SOURCE DATA:

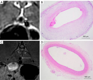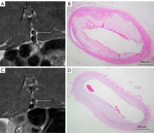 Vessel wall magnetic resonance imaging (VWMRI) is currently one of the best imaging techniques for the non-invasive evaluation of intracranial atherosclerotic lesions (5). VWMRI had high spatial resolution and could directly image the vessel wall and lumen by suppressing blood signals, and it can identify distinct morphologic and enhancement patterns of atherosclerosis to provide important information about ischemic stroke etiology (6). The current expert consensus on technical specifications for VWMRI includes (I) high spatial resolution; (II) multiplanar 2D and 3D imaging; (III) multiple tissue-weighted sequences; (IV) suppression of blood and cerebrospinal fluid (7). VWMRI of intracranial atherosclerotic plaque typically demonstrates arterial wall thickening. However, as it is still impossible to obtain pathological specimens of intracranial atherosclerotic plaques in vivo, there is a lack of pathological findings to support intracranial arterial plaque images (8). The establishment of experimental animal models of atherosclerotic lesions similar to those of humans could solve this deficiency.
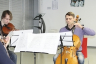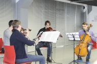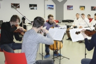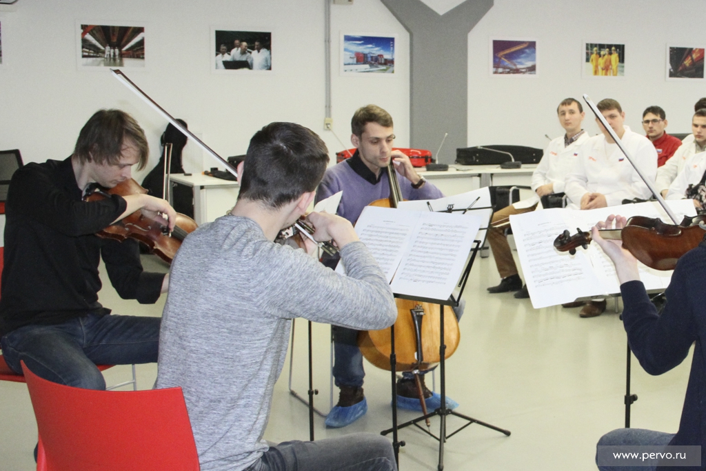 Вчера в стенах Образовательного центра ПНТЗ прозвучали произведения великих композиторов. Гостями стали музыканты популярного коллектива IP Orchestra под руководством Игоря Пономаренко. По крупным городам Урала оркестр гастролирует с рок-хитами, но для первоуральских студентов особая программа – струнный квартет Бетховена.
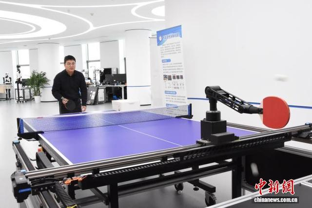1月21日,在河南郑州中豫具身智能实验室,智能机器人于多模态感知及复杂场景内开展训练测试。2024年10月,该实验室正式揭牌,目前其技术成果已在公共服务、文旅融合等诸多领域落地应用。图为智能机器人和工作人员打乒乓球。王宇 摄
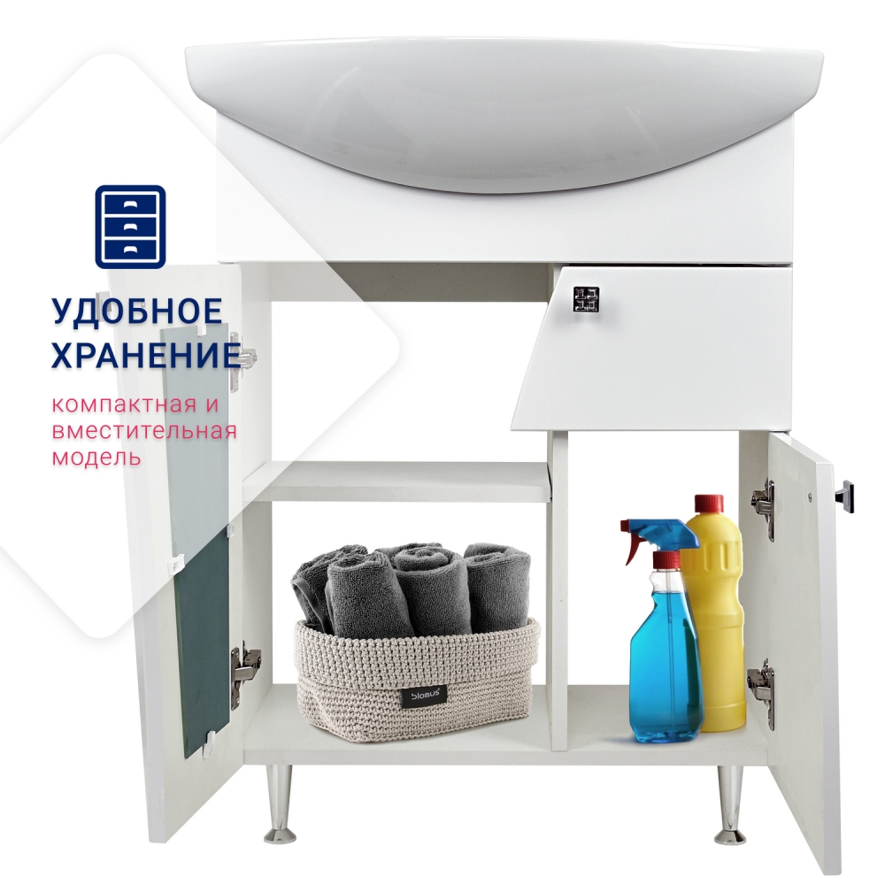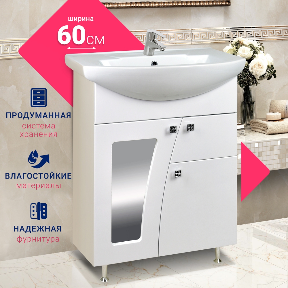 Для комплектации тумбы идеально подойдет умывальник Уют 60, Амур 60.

EXERCISE: Print, exactly, each line above from the one with "Вчера в стенах" to the one with "1月21日,在河南郑州中豫具", end lines included. Leave pictures out of it.

ANSWER FOR THE TASK:
 Вчера в стенах Образовательного центра ПНТЗ прозвучали произведения великих композиторов. Гостями стали музыканты популярного коллектива IP Orchestra под руководством Игоря Пономаренко. По крупным городам Урала оркестр гастролирует с рок-хитами, но для первоуральских студентов особая программа – струнный квартет Бетховена.
1月21日,在河南郑州中豫具身智能实验室,智能机器人于多模态感知及复杂场景内开展训练测试。2024年10月,该实验室正式揭牌,目前其技术成果已在公共服务、文旅融合等诸多领域落地应用。图为智能机器人和工作人员打乒乓球。王宇 摄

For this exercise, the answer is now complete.